How to initialize parallel independent process within function?

Question

Sorry, if headline is strange. Let me explain.

Let's say there is handler.py:

import funcs
import requests

def initialize_calculate(data):
   check_data(data)
   funcs.calculate(data) # takes a lot of time like 30 minutes
   print('Calculation launched')
   requests.get('hostname', params={'func':'calculate', 'status':'launched'})

and here is funcs.py:

import requests

def calculate(data):
   result = make_calculations(data)
   requests.get('hostname',params={'func':'calculate', 'status':'finished', 'result':result})

So what I want is that handler can initialize another function no matter where, but doesn't wait until it ends, because I want to notify client-side that process is started, and when it's done this process itself will send result when it's finished.

How can I launch independent process with function calculate from initialize_calculate?

I want to know If it's possible without non-native libraries or frameworks.

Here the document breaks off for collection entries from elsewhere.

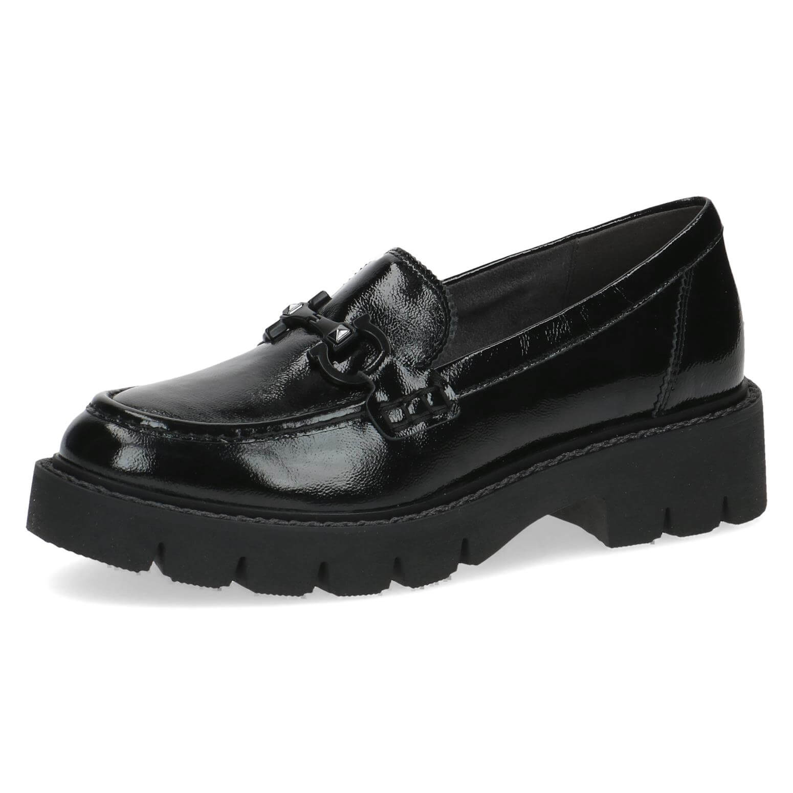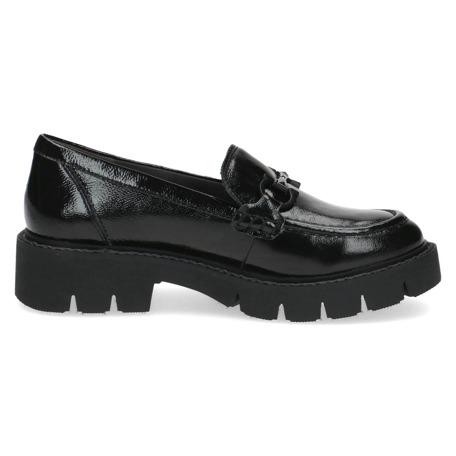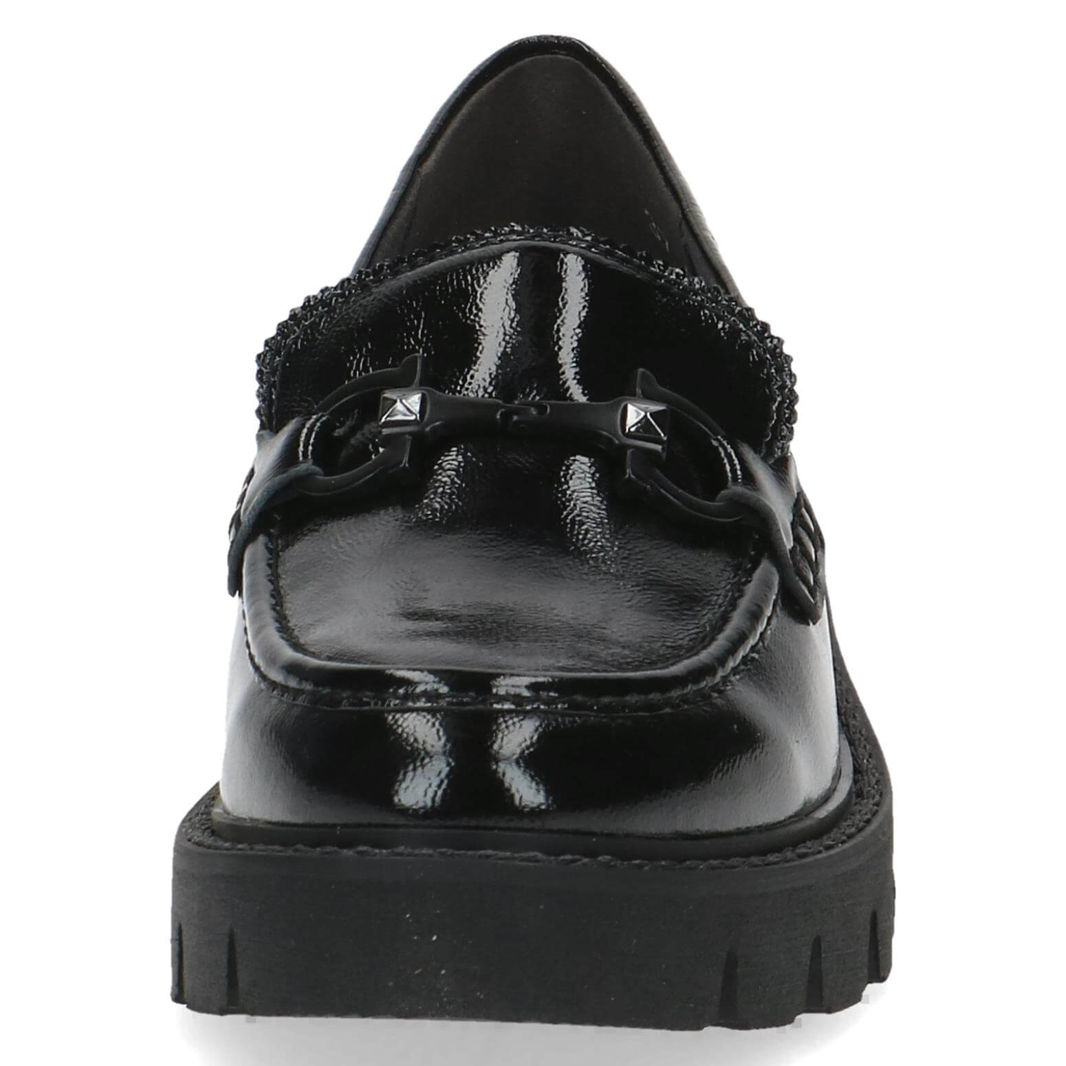 נעלי מוקסין על סולית טרקטור מאסיבית, בדיוק כמו שסולית טרקטור אמורה להיות. מגיעות עם רפידת memory foam נשלפת. עשויות עור בגימור לק מבריק ומעוטרות אבזם עם ניטים עדינים למראה קשוח ומלא סטייל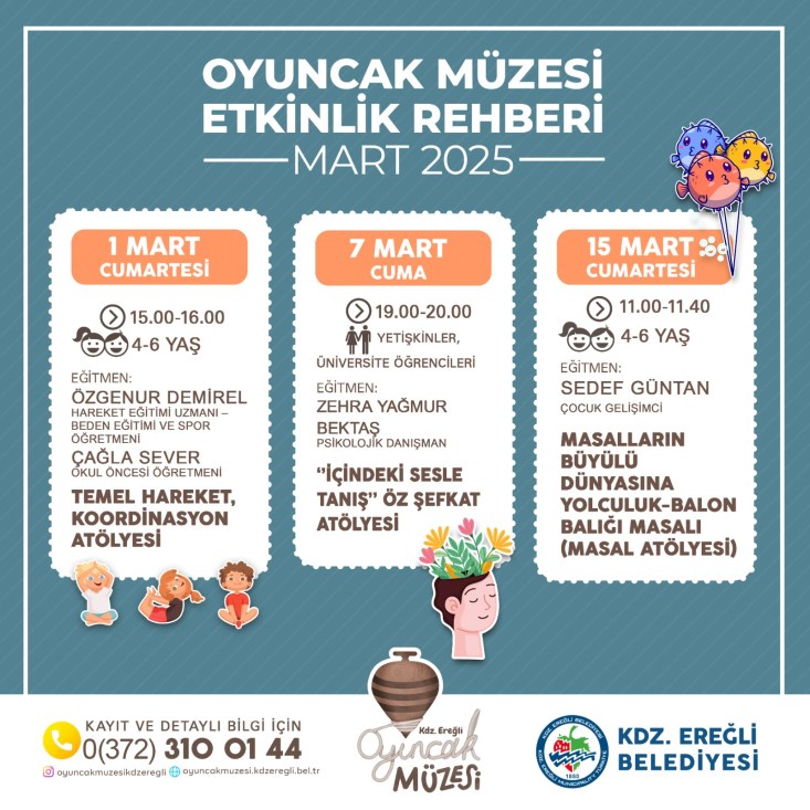 Kdz. Ereğli Belediyesi Oyuncak Müzesi Koordinatörü Melih Can Tanrıkulu, Mart ayı içerisinde gerçekleşecek atölye çalışmalarını açıkladı. Oyuncak Müzesi Atölye çalışmalarına katılmak isteyen veliler 0372 310 01 44 numaralı telefondan ön kayıt yaptırabilirler.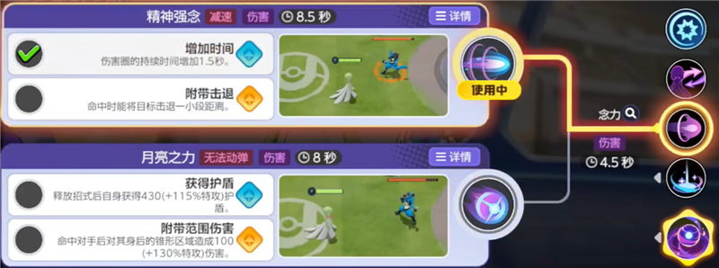 精神冲击是以沙奈朵本身为参照物,在技能范围内选择区域,进行连续三次范围伤害,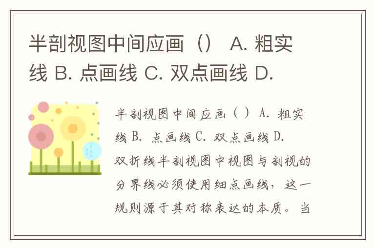 半剖视图中间应画() A. 粗实线 B. 点画线 C. 双点画线 D. 双折线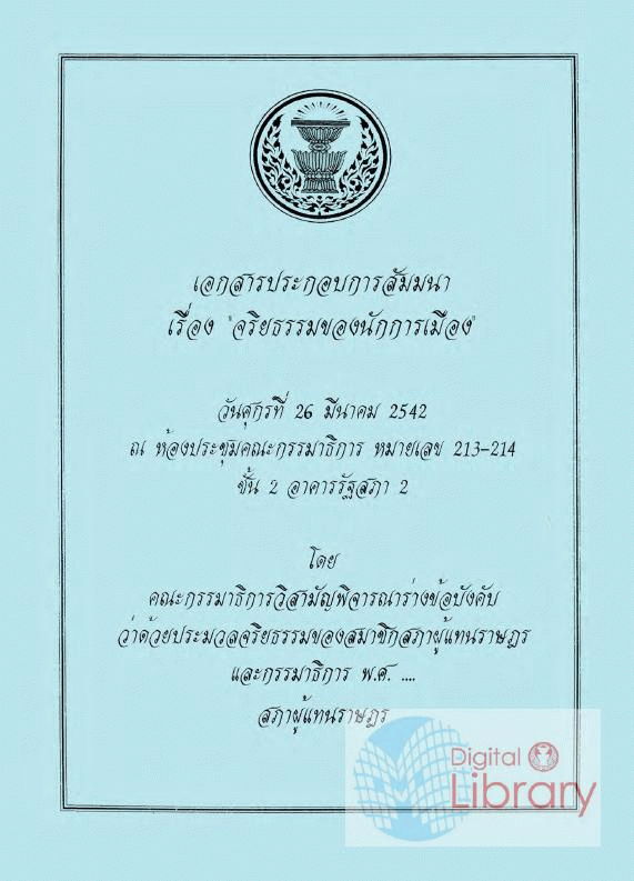 เอกสารประกอบการสัมมนา เรื่อง "จริยธรรมของนักการเมือง" / คณะกรรมาธิการวิสามัญพิจารณาร่างข้อบังคับว่าด้วยประมวลจริยธรรมของสมาชิกสภาผู้แทนราษฎรและกรรมาธิการ.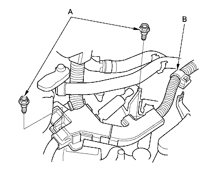 12. Remove the ECM/PCM cover (A), then remove the three bolts (B) securing the ECM/PCM.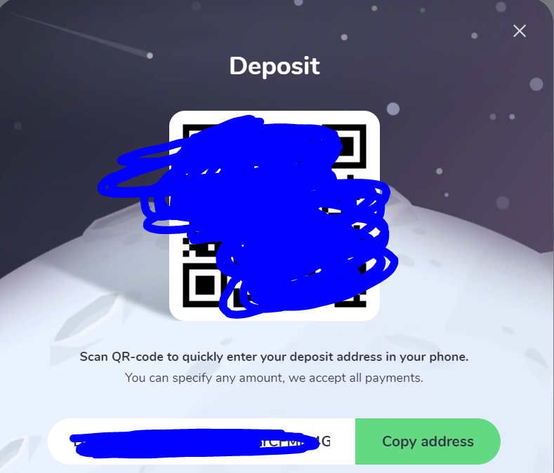 Deposit을 누리시면 QR-code와 지갑주소가 나와있습니다.

I think what you want is remote procedure call (RPC). Maybe this helps: https://stackoverflow.com/questions/1879971/what-is-the-current-choice-for-doing-rpc-in-python — Wups, Oct 16 '20 at 21:52
If third-party solution is fine for you, then you might want to take a look on celery https://docs.celeryproject.org/en/stable/ — ihoryam, Oct 21 '20 at 11:45
if on the other hand you don't want a third-party for that then you can use either `threading` `asyncio` or `multiprocessing` check out https://realpython.com/python-concurrency/ it contains samples of each of those — ihoryam, Oct 21 '20 at 11:54
Which OS? "...another function no matter where". Do you mean on another machine or just another file on the same node which should run as independent process? — Darkonaut, Oct 21 '20 at 14:35
And the parent-process should stay alive or should exit before the child is finished? Please specify your operating system. — Darkonaut, Oct 21 '20 at 17:36

score 1 · Answer 1 · answered Oct 21 '20 at 12:23

1

you may use Process class from multiprocessing module to do that.

Here is an example:

from multiprocessing import Process
import requests

def calculate(data):
    result = make_calculations(data)
    requests.get('hostname',params={'func':'calculate', 'status':'finished', 'result':result})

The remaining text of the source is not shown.